Tonight it’s Intronaut’s turn to play last, so Shining go first and they’re a tough act to follow. From the opening strains of I Won’t Forget they whip up a frenzy under a cascade of strobe lighting. Immediately frontman Jørgen Munkeby has got his saxophone out, puffing out a cacophony of jazzy licks while the smoky silhouettes of his bandmates cut cool figures on the stage. Shining perform up to the hilt, so it’s no wonder that some don’t stick around for the headliners.

By contrast Intronaut are static, serious, reticent and focused. Performing tracks from the Devin Townsend-mixed The Direction Of Last Things, the bar is set high. Will these Californians do their complex, powerful-sounding musings justice in a live forum? Sort of, but not quite. Some bands can get away with zero stage chat, it only adds to their coolness, their mystique, but tonight it smacks of a band that are trying too hard… or not, depending on how you look at it.

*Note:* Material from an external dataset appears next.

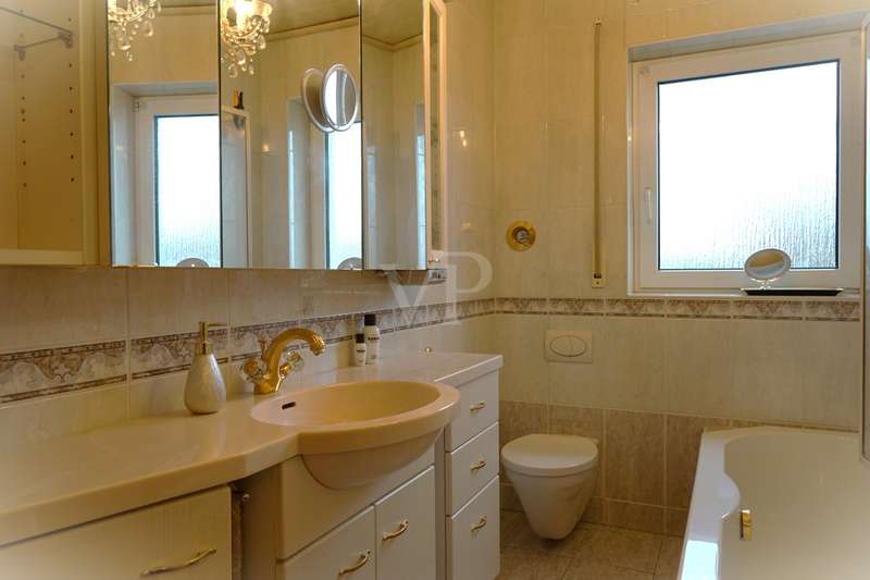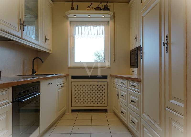 This two-family house impresses with its quiet location in a traffic-calmed side street. The elegant gate gives you access to your fenced plot with an ensemble consisting of the main house with two residential units, an outbuilding, two garages, the garden house and a sheltered covered open space. This means that even a larger family can develop freely here. The property is also ideal for multi-generational living. Over the years, money has been repeatedly invested in modernization. The property is in good condition, so you can move straight in. If you like the furnishings, you are welcome to take them over. The apartments are a pleasant size. You could also move into one and rent out the other to make financing easier. The top floor offers additional space, with a separate guest WC and two converted rooms. The basement also houses a workshop where hobbyists can store their tools. The plot is a great size, so you can let your children play here without worrying and keep your motorized pets dry. If you are not so keen on a large garden, you could also consider building a new house for yourself in the rear area and renting out the front area completely. There are plenty of design options and potential here. So arrange a viewing appointment and be inspired by the many possibilities of this property.

On the plus side their dense, multi-layered sounds can breathe uninterrupted, earmarking a new mature chapter in their repertoire that has developed from the primitive dirge of 2006’s Void to their modern day formation awash with melodies and contrastive styles.

On record these hooks are wound tightly, but tonight it’s a little loose, enough to detract from the technical merit badge that the four-piece have earned themselves over four albums. On a backdrop projection, plumes of smoke billow from a volcano mirroring the band’s leadweight offering that is part-Mastodon, part-Yes, thanks to their noodly jams. But even the ominous stage visuals are not enough to make this the sensational performance that it should, or could, be.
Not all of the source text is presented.